Entries supplied
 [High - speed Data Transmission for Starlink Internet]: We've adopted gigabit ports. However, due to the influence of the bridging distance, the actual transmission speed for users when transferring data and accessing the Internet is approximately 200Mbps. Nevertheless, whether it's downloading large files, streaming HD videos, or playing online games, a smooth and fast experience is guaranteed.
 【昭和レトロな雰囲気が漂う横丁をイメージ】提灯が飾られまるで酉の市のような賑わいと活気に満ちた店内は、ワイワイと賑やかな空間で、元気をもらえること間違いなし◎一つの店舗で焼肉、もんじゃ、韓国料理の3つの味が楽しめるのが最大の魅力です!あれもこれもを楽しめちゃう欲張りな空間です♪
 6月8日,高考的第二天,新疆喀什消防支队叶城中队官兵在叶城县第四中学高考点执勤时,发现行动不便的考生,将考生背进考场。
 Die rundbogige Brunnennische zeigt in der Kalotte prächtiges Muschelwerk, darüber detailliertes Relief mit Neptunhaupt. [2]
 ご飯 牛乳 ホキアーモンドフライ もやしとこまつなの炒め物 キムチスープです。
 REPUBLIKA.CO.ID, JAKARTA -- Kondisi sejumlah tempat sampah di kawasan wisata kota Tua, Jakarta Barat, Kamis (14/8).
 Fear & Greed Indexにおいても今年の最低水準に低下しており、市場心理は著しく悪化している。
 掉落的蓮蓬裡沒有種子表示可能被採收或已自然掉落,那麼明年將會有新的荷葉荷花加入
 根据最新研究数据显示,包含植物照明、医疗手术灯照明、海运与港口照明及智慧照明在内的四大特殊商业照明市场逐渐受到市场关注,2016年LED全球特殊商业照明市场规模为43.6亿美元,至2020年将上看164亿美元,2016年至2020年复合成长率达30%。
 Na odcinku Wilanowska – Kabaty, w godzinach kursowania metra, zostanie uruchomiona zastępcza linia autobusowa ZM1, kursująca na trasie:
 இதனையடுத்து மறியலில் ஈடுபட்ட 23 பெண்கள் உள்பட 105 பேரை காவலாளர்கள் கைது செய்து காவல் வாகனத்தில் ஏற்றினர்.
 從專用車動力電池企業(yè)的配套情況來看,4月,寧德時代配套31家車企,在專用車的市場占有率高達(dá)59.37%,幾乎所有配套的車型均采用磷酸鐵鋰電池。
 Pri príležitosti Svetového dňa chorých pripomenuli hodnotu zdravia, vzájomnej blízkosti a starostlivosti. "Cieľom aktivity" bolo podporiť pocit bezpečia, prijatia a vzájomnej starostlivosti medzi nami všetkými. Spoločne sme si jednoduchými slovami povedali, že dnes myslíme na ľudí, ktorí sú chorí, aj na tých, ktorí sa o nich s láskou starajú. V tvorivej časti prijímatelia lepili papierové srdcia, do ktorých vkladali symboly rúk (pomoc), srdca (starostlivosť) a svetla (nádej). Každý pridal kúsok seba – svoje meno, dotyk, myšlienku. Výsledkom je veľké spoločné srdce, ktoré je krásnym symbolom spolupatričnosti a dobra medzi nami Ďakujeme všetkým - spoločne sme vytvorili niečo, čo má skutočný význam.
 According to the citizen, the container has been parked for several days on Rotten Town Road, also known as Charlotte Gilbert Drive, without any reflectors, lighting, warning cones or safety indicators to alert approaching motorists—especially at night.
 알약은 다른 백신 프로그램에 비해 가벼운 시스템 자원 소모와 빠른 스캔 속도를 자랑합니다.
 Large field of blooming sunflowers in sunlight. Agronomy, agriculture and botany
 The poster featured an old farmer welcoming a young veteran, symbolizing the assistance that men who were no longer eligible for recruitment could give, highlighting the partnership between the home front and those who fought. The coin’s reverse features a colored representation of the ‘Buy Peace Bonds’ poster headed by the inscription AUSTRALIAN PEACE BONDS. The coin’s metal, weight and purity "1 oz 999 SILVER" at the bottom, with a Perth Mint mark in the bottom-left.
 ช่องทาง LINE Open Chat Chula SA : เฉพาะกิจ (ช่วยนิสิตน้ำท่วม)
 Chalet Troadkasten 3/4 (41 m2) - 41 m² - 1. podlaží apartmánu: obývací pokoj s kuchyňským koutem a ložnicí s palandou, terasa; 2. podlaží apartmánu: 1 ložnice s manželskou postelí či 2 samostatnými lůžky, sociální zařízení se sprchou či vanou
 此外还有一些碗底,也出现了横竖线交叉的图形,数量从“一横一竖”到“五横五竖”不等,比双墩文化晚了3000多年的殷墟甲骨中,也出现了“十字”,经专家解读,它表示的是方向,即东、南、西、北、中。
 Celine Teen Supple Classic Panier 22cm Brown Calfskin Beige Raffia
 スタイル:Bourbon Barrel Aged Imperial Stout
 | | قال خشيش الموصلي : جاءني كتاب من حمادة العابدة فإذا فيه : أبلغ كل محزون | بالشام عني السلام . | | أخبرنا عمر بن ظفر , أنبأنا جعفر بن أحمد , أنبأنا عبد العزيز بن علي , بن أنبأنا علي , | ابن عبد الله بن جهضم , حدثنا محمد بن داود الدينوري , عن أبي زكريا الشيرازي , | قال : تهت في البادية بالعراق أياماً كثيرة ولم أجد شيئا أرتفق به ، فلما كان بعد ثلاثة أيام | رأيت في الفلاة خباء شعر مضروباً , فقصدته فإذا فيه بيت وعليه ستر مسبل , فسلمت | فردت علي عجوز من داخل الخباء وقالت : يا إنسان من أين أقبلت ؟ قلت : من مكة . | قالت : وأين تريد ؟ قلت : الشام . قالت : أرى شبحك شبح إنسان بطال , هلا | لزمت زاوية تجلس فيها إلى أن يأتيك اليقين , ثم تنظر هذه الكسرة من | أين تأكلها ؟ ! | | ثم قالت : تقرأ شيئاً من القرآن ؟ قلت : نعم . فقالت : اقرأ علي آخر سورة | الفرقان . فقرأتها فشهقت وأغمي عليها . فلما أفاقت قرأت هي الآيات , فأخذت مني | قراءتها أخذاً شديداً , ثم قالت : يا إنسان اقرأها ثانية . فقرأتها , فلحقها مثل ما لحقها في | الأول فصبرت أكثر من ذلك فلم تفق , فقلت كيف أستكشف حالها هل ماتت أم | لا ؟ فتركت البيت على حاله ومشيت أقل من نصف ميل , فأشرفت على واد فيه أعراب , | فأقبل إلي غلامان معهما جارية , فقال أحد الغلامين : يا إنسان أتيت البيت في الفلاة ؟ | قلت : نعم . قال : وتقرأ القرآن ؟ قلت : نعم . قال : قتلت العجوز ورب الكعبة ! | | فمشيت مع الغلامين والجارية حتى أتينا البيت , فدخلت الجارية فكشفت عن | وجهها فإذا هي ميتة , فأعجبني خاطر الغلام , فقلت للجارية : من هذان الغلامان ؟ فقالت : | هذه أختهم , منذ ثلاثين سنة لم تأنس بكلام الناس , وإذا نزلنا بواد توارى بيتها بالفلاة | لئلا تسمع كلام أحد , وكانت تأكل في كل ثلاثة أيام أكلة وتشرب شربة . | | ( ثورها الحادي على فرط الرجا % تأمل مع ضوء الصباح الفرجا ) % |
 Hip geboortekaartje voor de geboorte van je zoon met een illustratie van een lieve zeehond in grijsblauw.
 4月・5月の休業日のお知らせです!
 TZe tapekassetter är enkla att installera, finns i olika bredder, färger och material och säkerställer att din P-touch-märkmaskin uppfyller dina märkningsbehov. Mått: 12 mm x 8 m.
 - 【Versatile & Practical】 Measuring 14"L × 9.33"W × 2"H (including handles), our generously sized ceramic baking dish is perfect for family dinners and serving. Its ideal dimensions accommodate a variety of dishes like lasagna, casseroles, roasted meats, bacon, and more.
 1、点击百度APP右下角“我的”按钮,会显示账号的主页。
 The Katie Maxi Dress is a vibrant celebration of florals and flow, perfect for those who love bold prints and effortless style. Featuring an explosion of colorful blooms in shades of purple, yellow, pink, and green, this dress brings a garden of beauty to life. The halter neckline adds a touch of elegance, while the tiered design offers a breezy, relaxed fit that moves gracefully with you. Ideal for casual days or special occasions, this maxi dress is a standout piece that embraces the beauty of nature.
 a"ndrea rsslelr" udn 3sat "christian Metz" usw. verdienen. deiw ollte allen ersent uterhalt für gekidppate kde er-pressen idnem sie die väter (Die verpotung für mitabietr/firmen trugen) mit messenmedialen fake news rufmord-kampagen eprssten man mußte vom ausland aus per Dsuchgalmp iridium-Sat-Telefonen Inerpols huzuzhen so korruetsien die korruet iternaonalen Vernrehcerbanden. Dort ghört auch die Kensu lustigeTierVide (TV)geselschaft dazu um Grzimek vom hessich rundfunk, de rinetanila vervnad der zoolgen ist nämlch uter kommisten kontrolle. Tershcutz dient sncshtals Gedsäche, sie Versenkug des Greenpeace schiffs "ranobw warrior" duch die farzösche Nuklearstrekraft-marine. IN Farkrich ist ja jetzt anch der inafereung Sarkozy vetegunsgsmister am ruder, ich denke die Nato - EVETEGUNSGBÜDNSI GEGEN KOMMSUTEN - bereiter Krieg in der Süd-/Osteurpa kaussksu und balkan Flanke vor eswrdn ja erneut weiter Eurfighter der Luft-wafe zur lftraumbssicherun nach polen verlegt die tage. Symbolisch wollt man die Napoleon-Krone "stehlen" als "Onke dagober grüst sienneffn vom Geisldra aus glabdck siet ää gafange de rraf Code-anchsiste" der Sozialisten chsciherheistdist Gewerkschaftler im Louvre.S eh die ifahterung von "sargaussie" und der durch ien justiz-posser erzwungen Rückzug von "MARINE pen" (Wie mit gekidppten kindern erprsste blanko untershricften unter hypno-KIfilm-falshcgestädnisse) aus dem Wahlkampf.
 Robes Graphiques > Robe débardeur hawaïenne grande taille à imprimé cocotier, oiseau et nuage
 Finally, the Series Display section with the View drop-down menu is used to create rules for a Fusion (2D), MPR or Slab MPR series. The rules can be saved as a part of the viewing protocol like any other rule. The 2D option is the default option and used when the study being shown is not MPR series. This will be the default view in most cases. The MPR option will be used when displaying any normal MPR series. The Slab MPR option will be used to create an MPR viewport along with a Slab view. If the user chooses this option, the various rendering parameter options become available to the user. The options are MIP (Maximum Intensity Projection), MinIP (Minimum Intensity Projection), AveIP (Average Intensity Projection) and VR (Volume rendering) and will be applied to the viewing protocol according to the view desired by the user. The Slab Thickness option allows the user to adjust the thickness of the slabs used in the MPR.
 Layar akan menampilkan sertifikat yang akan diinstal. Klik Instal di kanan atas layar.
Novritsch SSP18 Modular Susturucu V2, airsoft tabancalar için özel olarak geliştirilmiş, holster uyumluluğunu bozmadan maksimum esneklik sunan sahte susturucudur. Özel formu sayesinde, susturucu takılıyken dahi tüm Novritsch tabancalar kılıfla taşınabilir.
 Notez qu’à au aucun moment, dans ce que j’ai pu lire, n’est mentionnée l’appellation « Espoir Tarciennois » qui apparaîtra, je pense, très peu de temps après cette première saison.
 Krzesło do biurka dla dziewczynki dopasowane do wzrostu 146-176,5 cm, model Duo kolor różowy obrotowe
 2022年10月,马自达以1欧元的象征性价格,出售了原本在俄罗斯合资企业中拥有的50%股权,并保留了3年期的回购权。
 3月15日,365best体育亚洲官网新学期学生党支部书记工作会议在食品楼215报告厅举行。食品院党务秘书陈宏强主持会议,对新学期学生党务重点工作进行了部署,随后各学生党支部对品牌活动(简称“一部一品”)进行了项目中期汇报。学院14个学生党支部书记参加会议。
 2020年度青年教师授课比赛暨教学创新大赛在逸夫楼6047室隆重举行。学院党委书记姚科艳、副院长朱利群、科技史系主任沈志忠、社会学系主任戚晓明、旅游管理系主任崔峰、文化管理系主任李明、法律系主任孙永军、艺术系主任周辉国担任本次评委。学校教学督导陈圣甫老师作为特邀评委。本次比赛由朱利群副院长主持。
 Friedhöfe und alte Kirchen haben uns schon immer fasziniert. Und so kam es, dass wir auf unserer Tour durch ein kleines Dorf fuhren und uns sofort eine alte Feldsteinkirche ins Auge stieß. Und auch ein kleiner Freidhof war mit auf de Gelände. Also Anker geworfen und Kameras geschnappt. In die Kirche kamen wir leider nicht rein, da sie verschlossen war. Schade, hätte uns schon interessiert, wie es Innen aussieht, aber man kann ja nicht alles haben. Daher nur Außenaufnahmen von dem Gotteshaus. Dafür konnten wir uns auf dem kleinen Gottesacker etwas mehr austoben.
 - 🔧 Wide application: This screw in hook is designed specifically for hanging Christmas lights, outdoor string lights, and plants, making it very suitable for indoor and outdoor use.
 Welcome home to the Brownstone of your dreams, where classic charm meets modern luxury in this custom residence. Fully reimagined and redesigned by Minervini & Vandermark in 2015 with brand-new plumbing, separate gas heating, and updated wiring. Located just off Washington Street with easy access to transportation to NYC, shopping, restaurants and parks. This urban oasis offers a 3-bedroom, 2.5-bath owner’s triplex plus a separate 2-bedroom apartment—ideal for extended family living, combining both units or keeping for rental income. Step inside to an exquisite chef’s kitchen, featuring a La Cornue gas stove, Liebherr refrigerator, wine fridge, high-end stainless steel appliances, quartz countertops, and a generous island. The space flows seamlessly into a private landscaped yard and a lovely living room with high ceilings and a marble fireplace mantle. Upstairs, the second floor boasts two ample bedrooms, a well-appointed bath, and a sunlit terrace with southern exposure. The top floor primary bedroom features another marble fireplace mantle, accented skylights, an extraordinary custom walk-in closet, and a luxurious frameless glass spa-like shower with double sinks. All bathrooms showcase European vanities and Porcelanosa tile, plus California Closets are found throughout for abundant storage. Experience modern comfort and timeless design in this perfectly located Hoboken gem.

Assignment
Repeat exactly the lines above from the one with "6月8日,高考的第二天,新疆" up to and including the one with "Large field of". No other line belongs in the reply.

Output
 6月8日,高考的第二天,新疆喀什消防支队叶城中队官兵在叶城县第四中学高考点执勤时,发现行动不便的考生,将考生背进考场。
 Die rundbogige Brunnennische zeigt in der Kalotte prächtiges Muschelwerk, darüber detailliertes Relief mit Neptunhaupt. [2]
 ご飯 牛乳 ホキアーモンドフライ もやしとこまつなの炒め物 キムチスープです。
 REPUBLIKA.CO.ID, JAKARTA -- Kondisi sejumlah tempat sampah di kawasan wisata kota Tua, Jakarta Barat, Kamis (14/8).
 Fear & Greed Indexにおいても今年の最低水準に低下しており、市場心理は著しく悪化している。
 掉落的蓮蓬裡沒有種子表示可能被採收或已自然掉落,那麼明年將會有新的荷葉荷花加入
 根据最新研究数据显示,包含植物照明、医疗手术灯照明、海运与港口照明及智慧照明在内的四大特殊商业照明市场逐渐受到市场关注,2016年LED全球特殊商业照明市场规模为43.6亿美元,至2020年将上看164亿美元,2016年至2020年复合成长率达30%。
 Na odcinku Wilanowska – Kabaty, w godzinach kursowania metra, zostanie uruchomiona zastępcza linia autobusowa ZM1, kursująca na trasie:
 இதனையடுத்து மறியலில் ஈடுபட்ட 23 பெண்கள் உள்பட 105 பேரை காவலாளர்கள் கைது செய்து காவல் வாகனத்தில் ஏற்றினர்.
 從專用車動力電池企業(yè)的配套情況來看,4月,寧德時代配套31家車企,在專用車的市場占有率高達(dá)59.37%,幾乎所有配套的車型均采用磷酸鐵鋰電池。
 Pri príležitosti Svetového dňa chorých pripomenuli hodnotu zdravia, vzájomnej blízkosti a starostlivosti. "Cieľom aktivity" bolo podporiť pocit bezpečia, prijatia a vzájomnej starostlivosti medzi nami všetkými. Spoločne sme si jednoduchými slovami povedali, že dnes myslíme na ľudí, ktorí sú chorí, aj na tých, ktorí sa o nich s láskou starajú. V tvorivej časti prijímatelia lepili papierové srdcia, do ktorých vkladali symboly rúk (pomoc), srdca (starostlivosť) a svetla (nádej). Každý pridal kúsok seba – svoje meno, dotyk, myšlienku. Výsledkom je veľké spoločné srdce, ktoré je krásnym symbolom spolupatričnosti a dobra medzi nami Ďakujeme všetkým - spoločne sme vytvorili niečo, čo má skutočný význam.
 According to the citizen, the container has been parked for several days on Rotten Town Road, also known as Charlotte Gilbert Drive, without any reflectors, lighting, warning cones or safety indicators to alert approaching motorists—especially at night.
 알약은 다른 백신 프로그램에 비해 가벼운 시스템 자원 소모와 빠른 스캔 속도를 자랑합니다.
 Large field of blooming sunflowers in sunlight. Agronomy, agriculture and botany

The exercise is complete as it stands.